Credo blaze_ intendesse quello che ho detto prima anch'io, cioé che non sono "strettamente" necessari perché uno script sia valido, per esserlo può limitarsi a contenere solo 'start'.

----------

## l0rdt

 *bsolar wrote:*   

> 
> 
> Credo blaze_ intendesse quello che ho detto prima anch'io, cioé che non sono "strettamente" necessari perché uno script sia valido, per esserlo può limitarsi a contenere solo 'start'.

 

Oops sorry avevo letto male  :Embarassed: 

----------

## bubble27

ghghgh è da un pò di tempo che ho problemi con l'ora di sistema..... a volte va avanti ed a volte va indietro ..... ho provato con ntp, adesso con rdate ma guardate qua......

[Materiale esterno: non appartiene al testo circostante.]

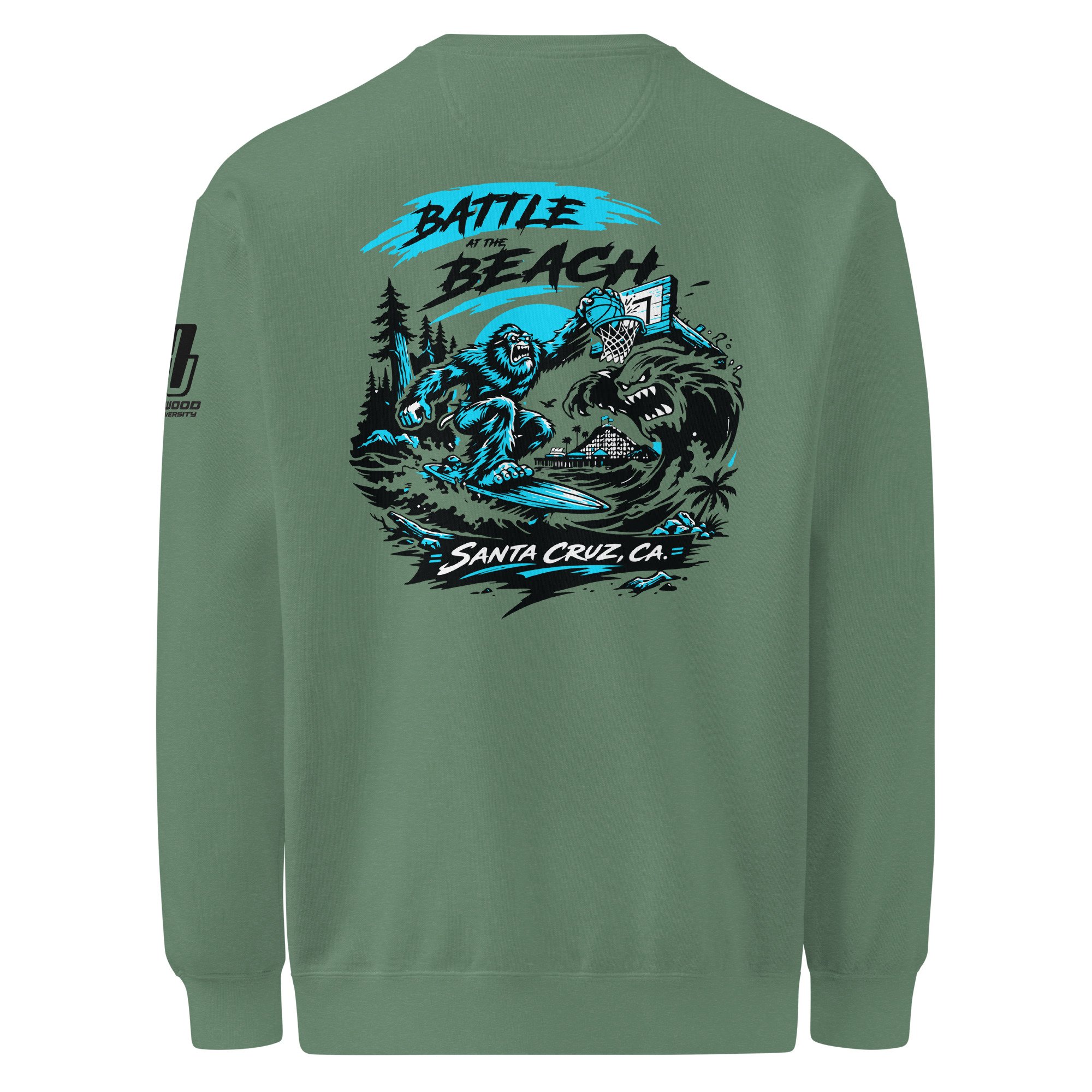 Sasquatch rises above the rim and throws it down on Waveman, bringing raw power from the redwoods to the shoreline. This design captures the intensity of the moment where two worlds collide in a battle for the beach, leaving the question… who will end up the true victor?
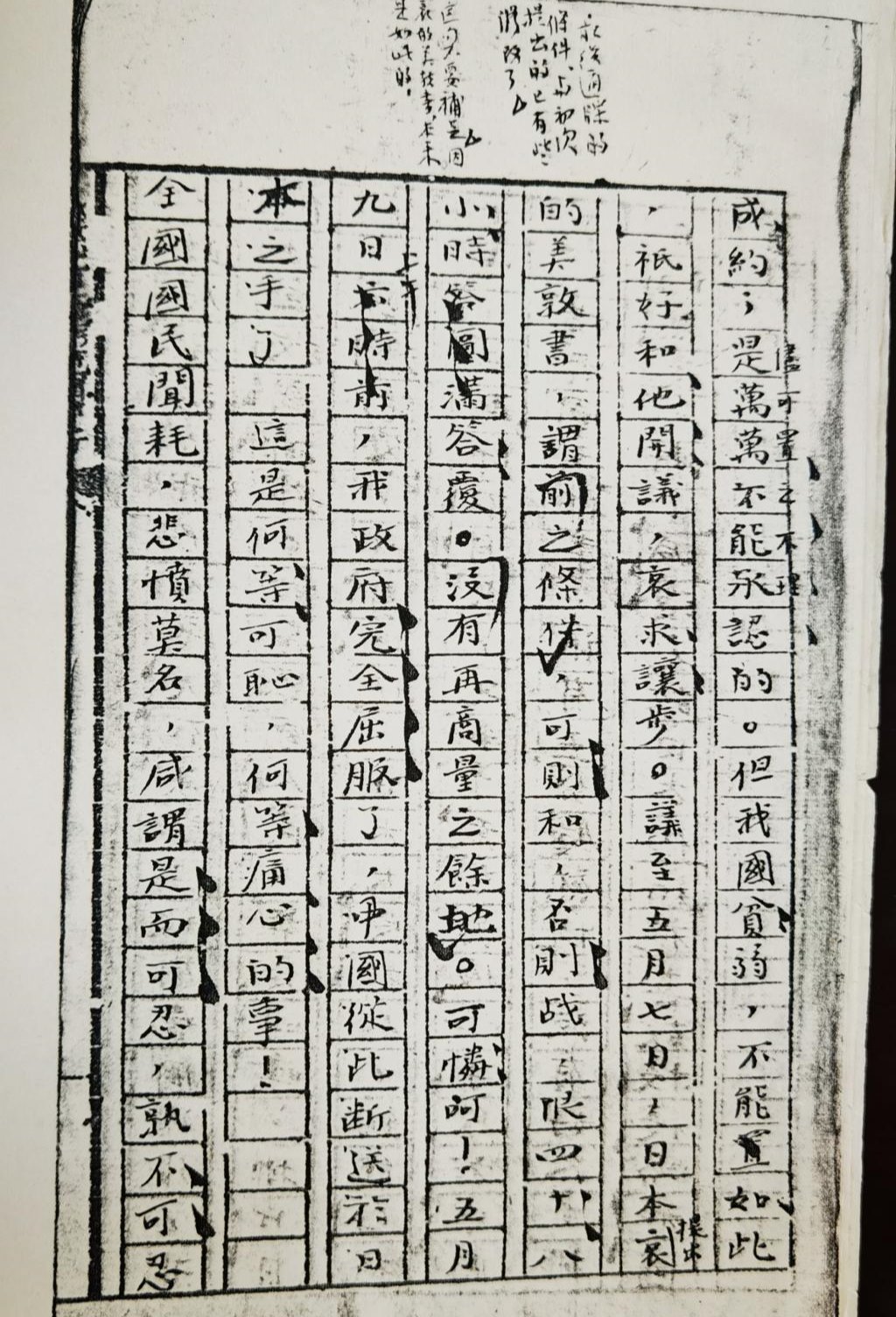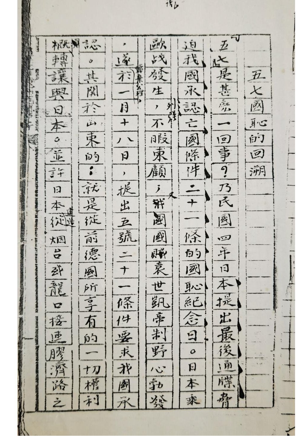 我国政府麻木,外交媚外🕴🏼,日本侵略,现总觉悟;英法美各国经济侵略,反与(他)亲善👱🏼‍♀️。堕入其计中而不自知🛖。外交总长顾维钧极端亲美,美国几成一言听计从之顾问🌈。不知他之(所)言,不是抑制中国,就是侵害中国。列位!我国土地有限🌗👒,主权有尽。一国侵略🧑🏼‍🚀,尚有覆亡之惨✋🏽,况数国环而侵略呢?我们每年办国耻纪念,国家耻辱日见增多;长此以往👨🏻‍🎤,我纪念到不胜纪念🧑🏼‍🦳,国耻何日得雪?所以我们应改变方针,莫徒作消极事业的救国(改为“做适当的抵抗”)🌗。我看中日交涉,要根本解决🧑🏻‍🦲,我国耻要彻底雪除🚥,非自图强盛,战胜倭奴和列强不能。图强之道🧑🏼‍🏭,必当这国内许多问题✍🏿,还未解决以前——就是还没有力量和日本列强打仗以前;决非经济绝交,年年口里说纪念(改为“毋忘”)国耻所能做到的。我们要做到必须(改为“除”)自图强盛,战胜倭奴和列强,没有第二条路可走🏎。

dopo aver emerso rdate......

Lowenbrau root # date  <=== prima di utilizzare rdate

mer set 24 11:40:24 UTC 2003

Lowenbrau root # rdate -s time.ien.it <=== utilizzo di rdate

Lowenbrau root # date

mer set 24 09:42:29 UTC 2003   :Shocked:  <=== ma ci colleghiamo con un server italiano ?_?

stessa cosa cmq con ntp ........ nn sarà ora di dire a questi tizi di aggiustare l'ora......

 :Razz:   :Razz: 

ciao gentooaglia

----------

## darksides

hai settato l'RTC nel kernel?

----------

## bubble27

 *darksides wrote:*   

> hai settato l'RTC nel kernel?

 

si se intendi questo ....

CONFIG_RTC=y  

 :Wink: 

----------

## bsolar

 *bubble27 wrote:*   

> Lowenbrau root # date
> 
> mer set 24 09:42:29 UTC 2003   <=== ma ci colleghiamo con un server italiano ?_?
> 
> stessa cosa cmq con ntp ........ nn sarà ora di dire a questi tizi di aggiustare l'ora......
> ...

 

La loro ora mi pare corretta, ovviamente non usano l'ora locale, esattamente come stai facendo te dato che hai UTC. Controlla il link /etc/localtime.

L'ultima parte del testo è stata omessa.